The Final Environmental Impact Statement/Report (FEIS/R) for the Northwest 138 Corridor Improvement Project has been released for public review; view it online here. The two alternatives studied seek to make Highway 138 safer between the I-5 and SR-14 in the northern part of Los Angeles County — in particular by improving sight lines and bringing the highly-trafficked road up to modern standards.
Under the “Locally Preferred Alternative” in the FEIS/R, the 138 would be:
- A freeway (six-lane divided) between the I-5 interchange and Gorman Post Road.
- An expressway (six-lane divided) between Gorman Post Road and 300th Street West with access limited to intersections.

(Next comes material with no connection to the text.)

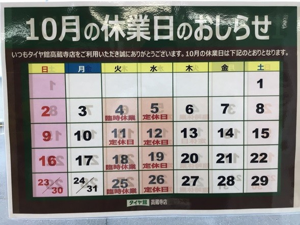 タイヤ館高蔵寺店は10月1日より定休日が毎週火曜日・水曜日に変更となります。

- An expressway (four-lane divided) between 300th Street West and 240th Street West with access limited to intersections.
- A limited access conventional highway (four-lane) between 240th Street West and the SR-14 with limited access restrictions.

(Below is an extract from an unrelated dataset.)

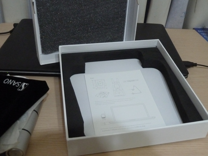 打開包裝盒,裏頭還有崁海綿將商品固定,筆電架重疊處也有包覆保護,

This alternative would also improve the I-5/138 and 138/14 junctions and improve the 138 bridge that crosses the 14 freeway.

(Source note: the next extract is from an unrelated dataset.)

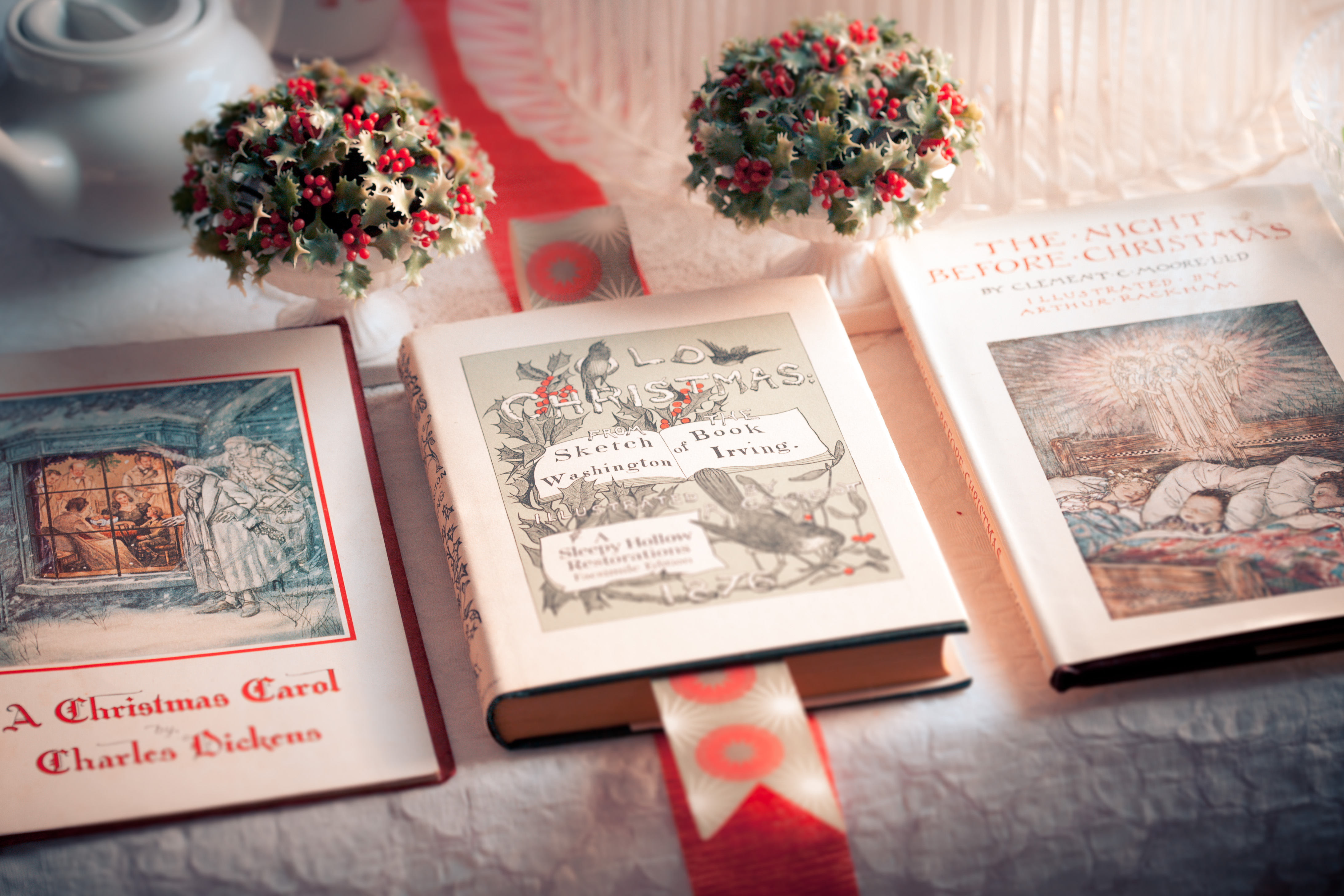 From left to right: A Christmas Carol, by Charles Dickens. Illustrator uncredited, seasonal promotion circa 1930 for Clyde’s Jewelry Shop, Green Bay, WI. Old Christmas: A Sketchbook, illustrated by R.Caldecott. Sleepy Hollow Restorations; Night Before Christmas, Clement C. Moore, illustrated by Arthur Rackham. Weathervane Publishing, 1976.

The main corridor proposed for the preferred alternative extends generally along or near the existing SR-138 highway for approximately 36 miles from I-5 to SR-14. Portions of SR-138 not used for the proposed improvements would remain and serve as a local access road only.
Three alternatives were studied as part of the FEIS/R: a no-build alternative, Alternative 1 (freeway/expressway + Antelope Acres Variation Option) and Alternative 2, which is the preferred alternative as it would best meet the project’s purpose and need.
The study was funded by Measure R, the half-cent sales tax approved by county voters in 2008. It’s important to know that funding for final design and construction of this project has not yet been identified although the project is eligible for multiple local and state funding sources.
If money can be secured, the project would be built in phases or as needed based on demand. Short-term and mid-term improvements will focus on operational and safety improvements, including intersection improvements, shoulder widening and curve corrections. These improvements may be implemented in a phased approach and will require further coordination with Caltrans District 7 and the adjacent High Desert communities.
Why did Metro/Caltrans not make a determination of significance for climate change (page 460)? In 2017, there seems to be ample guidance and case law that the agency would not need to claim “speculative.”